### Your assignment
An exact reproduction of the records is required, with all images left out.

Stored items from a collection
########################################
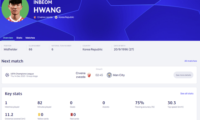 세르비아 명문 츠르베나 즈베즈다에 입단한 황인범은 20일(한국시간) 영국 맨체스터 에티하드 경기장에서 열린 2023/24시즌 UEFA 챔피언스리그 G조 1차전 맨시티와 원정 경기에서 등번호 66번을 달고 수비형 미드필더로 선발 출전해 후반 37분까지 분전한 뒤 교체아웃됐다. 황인범은 이날 공격형 미드필더 자리부터 최후방 수비까지 그라운드를 두루 누비면서 맨시티 선수들과 비교해 밀리지 않는 실력을 선보였다.
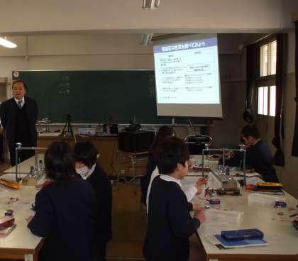 三菱電機株式会社 人材開発センターからきていただいた先生に5年生は電磁石のはたらきについて授業を受けました。
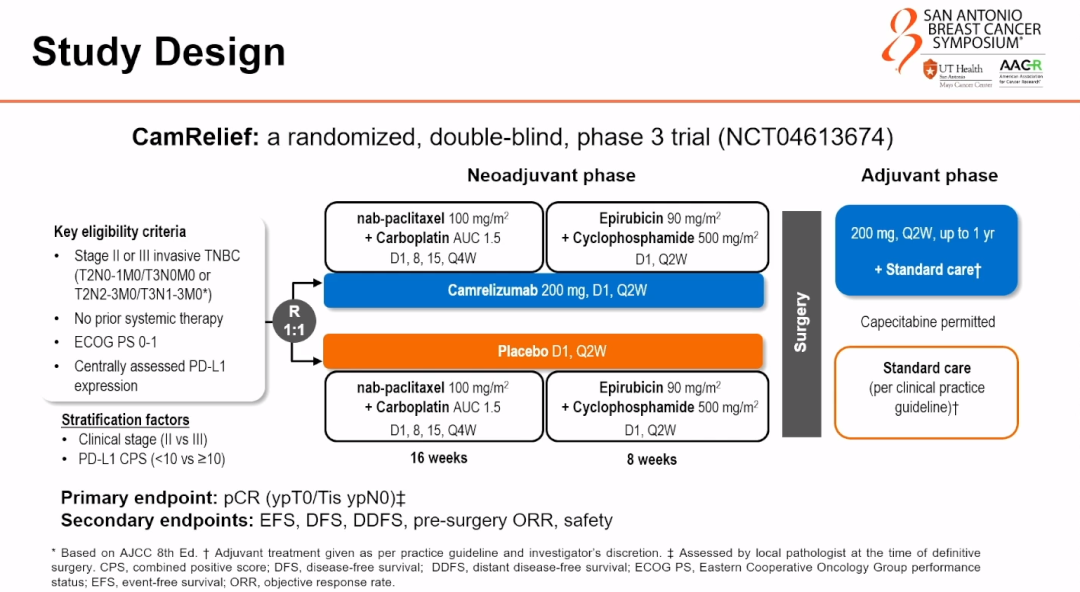 CamRelief研究:卡瑞利珠单抗联合化疗显著提高TNBC的pCR率
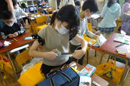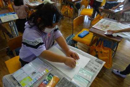 2年図工「たのしくうつして」の様子です。画用紙で型を作り、絵の具で型を写していきます。できあがった模様は、事前に描いた自分の顔の背景として使う予定です。
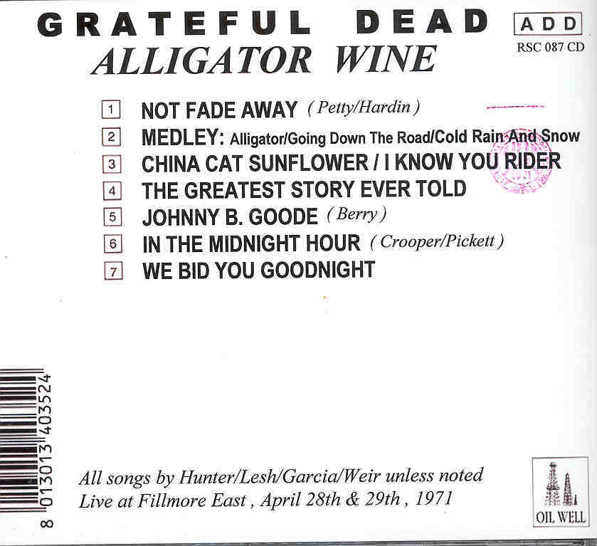 Grateful Dead - Alligator Wine ( Oil Well Recs. ) ( Live at Fillmore East . April 28th 29th . 1971 )
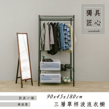 比架王 輕型90x45x180cm三層單桿衣櫥層架(烤漆黑) 鐵力士架 波浪架 衣物收納 換季 收納衣架
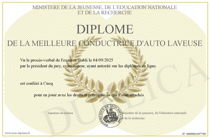 Envoyez par email votre Diplôme de la meilleure conductrice d'auto laveuse personalisé
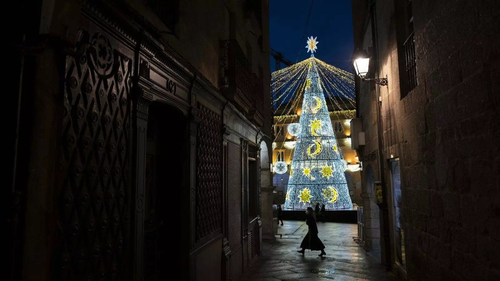 La iluminación de la Praza Maior es la más destacada de una ambientación navideña que según el Concello cuenta este año con más de 2 millones de puntos de luz, 392 arcos, 328 faroles y 592 árboles decoradas.
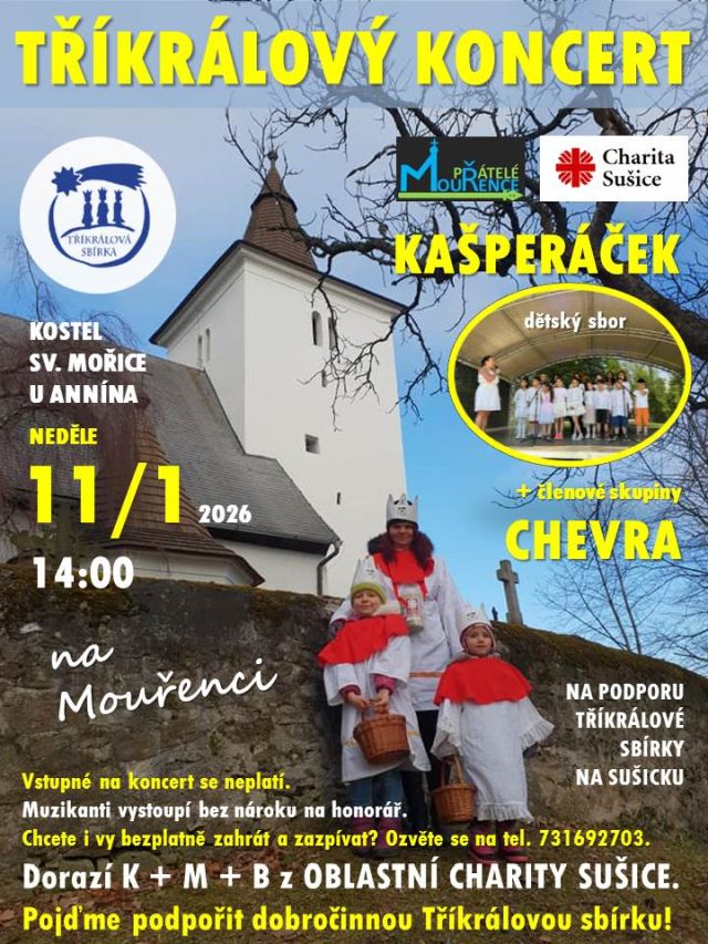 * ne 11. 1. 2026 (14:00) Tříkrálový koncert u příležitosti ukončení Tříkrálové sbírky na Sušicku
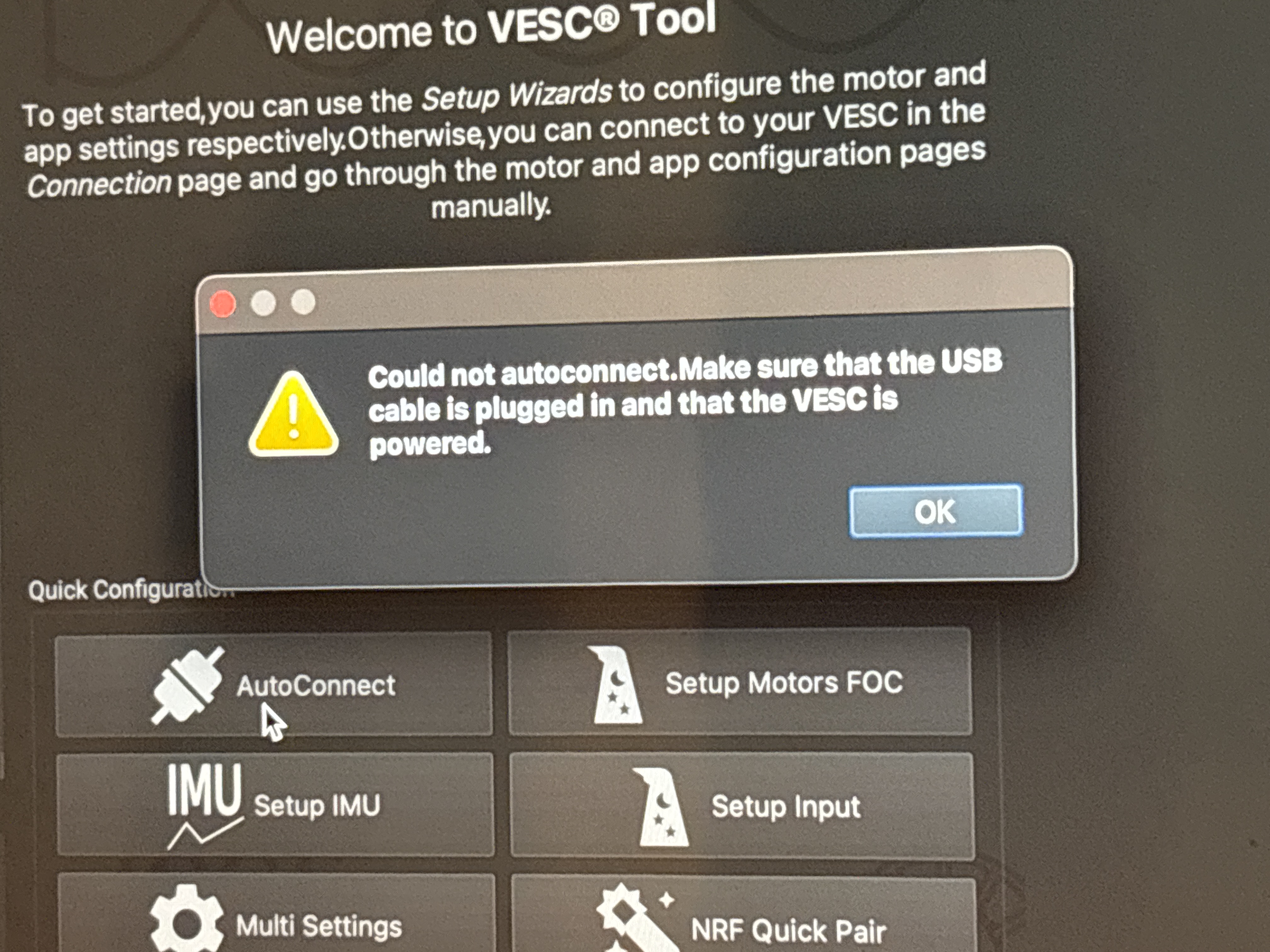 I’ve been trying to connect vesc tool and my d100 but it keeps saying serial port error, could not connect. Make sure the usb cable is plugged in and the vesc is powered. It is all setup, but I really don’t know what I’m doing, any help would be great.
########################################
### Reply to the exercise
 세르비아 명문 츠르베나 즈베즈다에 입단한 황인범은 20일(한국시간) 영국 맨체스터 에티하드 경기장에서 열린 2023/24시즌 UEFA 챔피언스리그 G조 1차전 맨시티와 원정 경기에서 등번호 66번을 달고 수비형 미드필더로 선발 출전해 후반 37분까지 분전한 뒤 교체아웃됐다. 황인범은 이날 공격형 미드필더 자리부터 최후방 수비까지 그라운드를 두루 누비면서 맨시티 선수들과 비교해 밀리지 않는 실력을 선보였다.
 三菱電機株式会社 人材開発センターからきていただいた先生に5年生は電磁石のはたらきについて授業を受けました。
 CamRelief研究:卡瑞利珠单抗联合化疗显著提高TNBC的pCR率
 2年図工「たのしくうつして」の様子です。画用紙で型を作り、絵の具で型を写していきます。できあがった模様は、事前に描いた自分の顔の背景として使う予定です。
 Grateful Dead - Alligator Wine ( Oil Well Recs. ) ( Live at Fillmore East . April 28th 29th . 1971 )
 比架王 輕型90x45x180cm三層單桿衣櫥層架(烤漆黑) 鐵力士架 波浪架 衣物收納 換季 收納衣架
 Envoyez par email votre Diplôme de la meilleure conductrice d'auto laveuse personalisé
 La iluminación de la Praza Maior es la más destacada de una ambientación navideña que según el Concello cuenta este año con más de 2 millones de puntos de luz, 392 arcos, 328 faroles y 592 árboles decoradas.
 * ne 11. 1. 2026 (14:00) Tříkrálový koncert u příležitosti ukončení Tříkrálové sbírky na Sušicku
 I’ve been trying to connect vesc tool and my d100 but it keeps saying serial port error, could not connect. Make sure the usb cable is plugged in and the vesc is powered. It is all setup, but I really don’t know what I’m doing, any help would be great.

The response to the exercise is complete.